Retornar a uma normalidade que já andava capenga (economia oscilante, aumento das desigualdades sociais, uso desequilibrado de bens do patrimônio ambiental, escassez de recursos, colaboradores de empresas cada vez mais doentes, emergência climática) seria, no meu modo de ver, o mesmo que admitir que a crise não serviu para nada além de nos deixar mais pobres e nos colocar de castigo. Penso que a humanidade, apesar de seus pecados, mereça um “novo normal.”
Não acho que grandes crises globais, como a do coronavírus, tendem naturalmente a melhorar os seres humanos e as empresas. Afinal, elas são fenômenos neutros, não intencionais.
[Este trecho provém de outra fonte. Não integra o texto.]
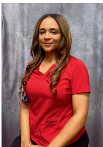
#7: Jamie Stovall Mills Nursing and Rehabilitation Center
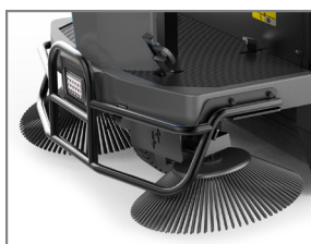
2 Side Brushes as Standard
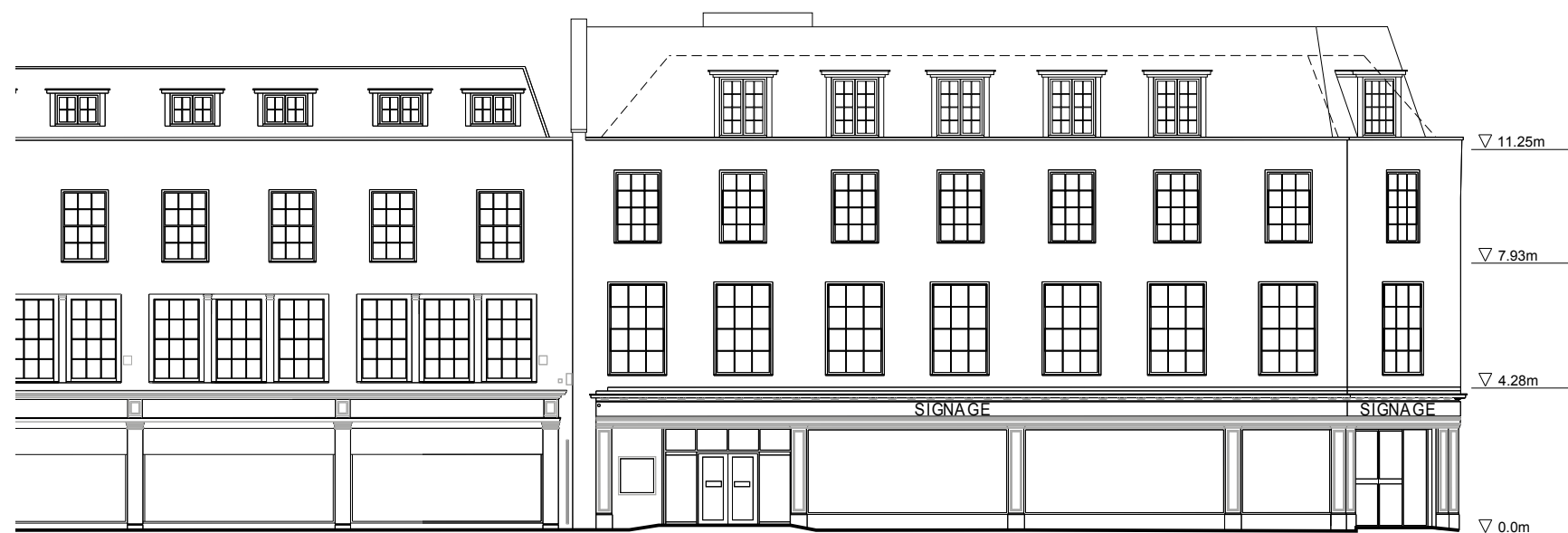
ELEVATION 1 (EAST ELEVATION)

Creio, no entanto, que elas podem turbinar mudanças em pessoas e organizações que, tendo admitido suas falhas e faltas, já vinham refletindo sobre sua evolução.
As crises derrubam máscaras. Expõem ao julgamento do público a intimidade dos valores pessoais e organizacionais. E, por isso, revelam o pior e o melhor, promovem uma seleção antinatural da espécie.
Tome-se como exemplo as empresas brasileiras e os seus líderes. De quem menos se esperava nada veio mesmo. E de quem mais se esperava, caso de Luiza Trajano, veio além do que se podia imaginar em termos de solidariedade, altruísmo e espírito coletivista. Reféns da lógica da economia antes das pessoas, os velhos líderes de pés de barro viraram pó com o vento.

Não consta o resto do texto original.